Tuesday 3 May 2011
The length of unemployment benefits
What are the effects of more generous unemployment benefits? This question is addressed in a paper by Mario Centeno and Alvaro Novo delivered last week in a labour economics conference. The paper studies a 1999 reform in Portugal, when the unemployment benefit (UB) entitlement period was increased from 15 to 18 months for people aged 30-34. However, the entitlement was left unchanged at 18 months for people aged 35-39, who are used as a counterfactual.
The figure above displays job finding rates at different unemployment durations and finds very clear spikes exactly at the time when unemployment benefits run out. Consistently with previous evidence, these results indicate that unemployment duration increases very closely with the maximum UB length.

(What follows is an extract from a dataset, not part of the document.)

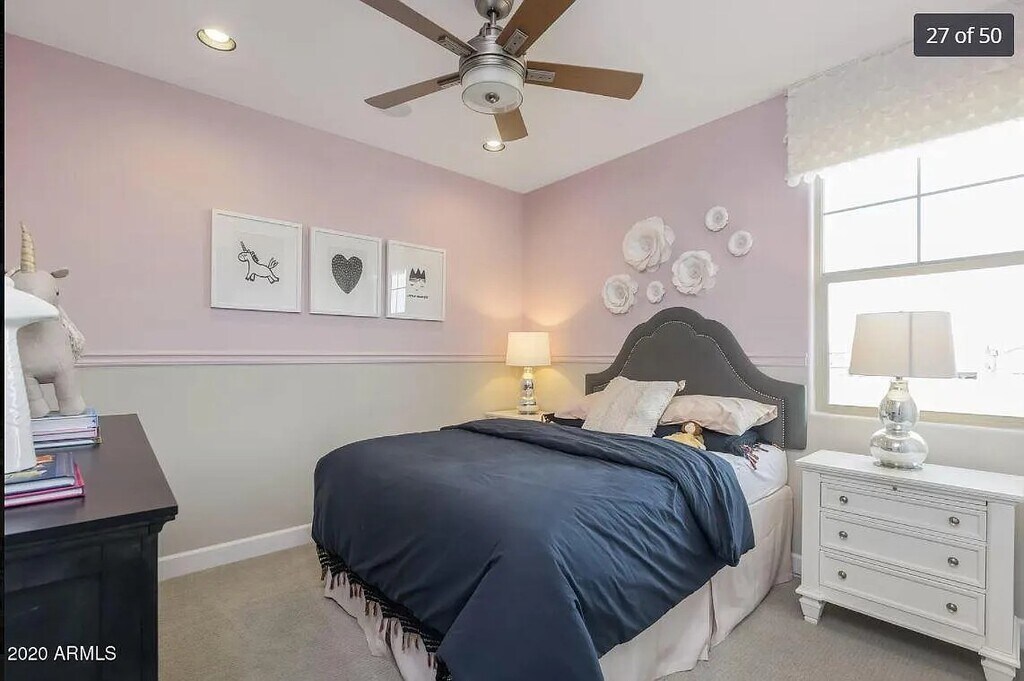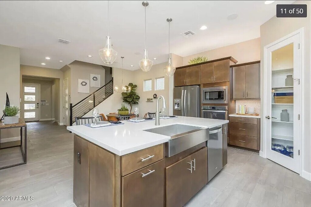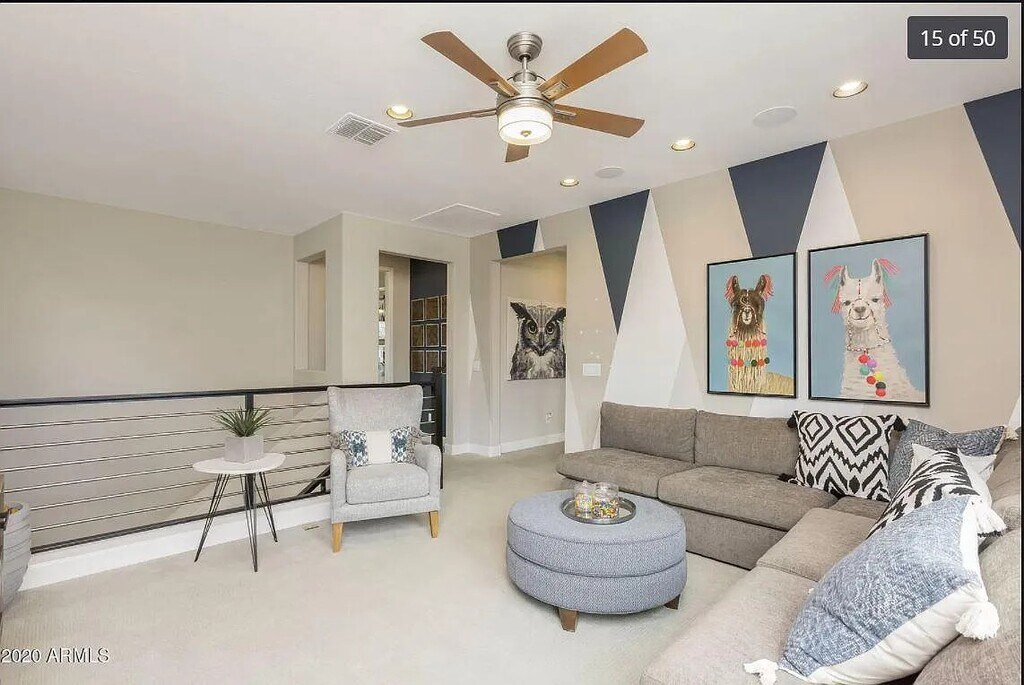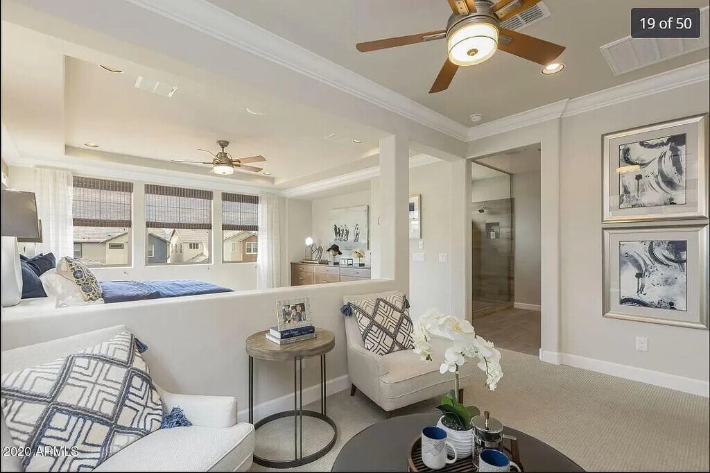This is un-furnished property. Highly upgraded former model home in the heart of Chandler with 4 bedrooms + loft & 3 baths in 2519 SqFt. Great room floor plan with one bedroom & bath on the main level, perfect for guests! The gourmet kitchen has a gas cooktop, stainless appliances, walk-in pantry & island with breakfast bar & pendant lighting. Sliding doors lead out from the great room to the wrap-around covered paver patio and backyard with artificial turf. The owner's suite is upstairs and features a coffered ceiling, sitting room, & en-suite bath with huge walk-in shower, dual sink vanity and walk-in closet with built-ins. The laundry room is conveniently located upstairs and has upper/lower cabinetry & sink. Other features include 8' interior doors, soft water loop, exterior gas stub for your BBQ, and fabulous community pool, spa and fitness center. See today! Renter is responsible for paying ultility fees such as water, electric, gas, internet, etc. Owner is responsible for HOA fee. Monthly rental is paid on the first day of the month.

Moreover, although one could expect that more generous entitlements would allow the unemployed to look for better jobs, the paper also reports that re-employment wages do not benefit, on average, from longer UB entitlement.
(On the other hand, there is evidence that those that leave unemployment at about 15 months when the maximum entitlement was 18 have higher re-employment wages than those that leave unemployment again at about 15 months but when that was also the maximum entitlement. However, it is not clear if the best comparison would be with workers that leave unemployment at say 12 months when the maximum entitlement was 15 months.)
All in all, the decision to extend unemployment benefits in 1999 (in a period of economic expansion) seems, in my opinion, to have been misguided and wasteful. Let's just hope that, now that the troika-led reforms are about to be unveiled, the findings from the paper prove symmetric in both the business cycle and the direction of change, i.e. that any cuts in UB duration (and generosity?) during a recession will also speed up job finding.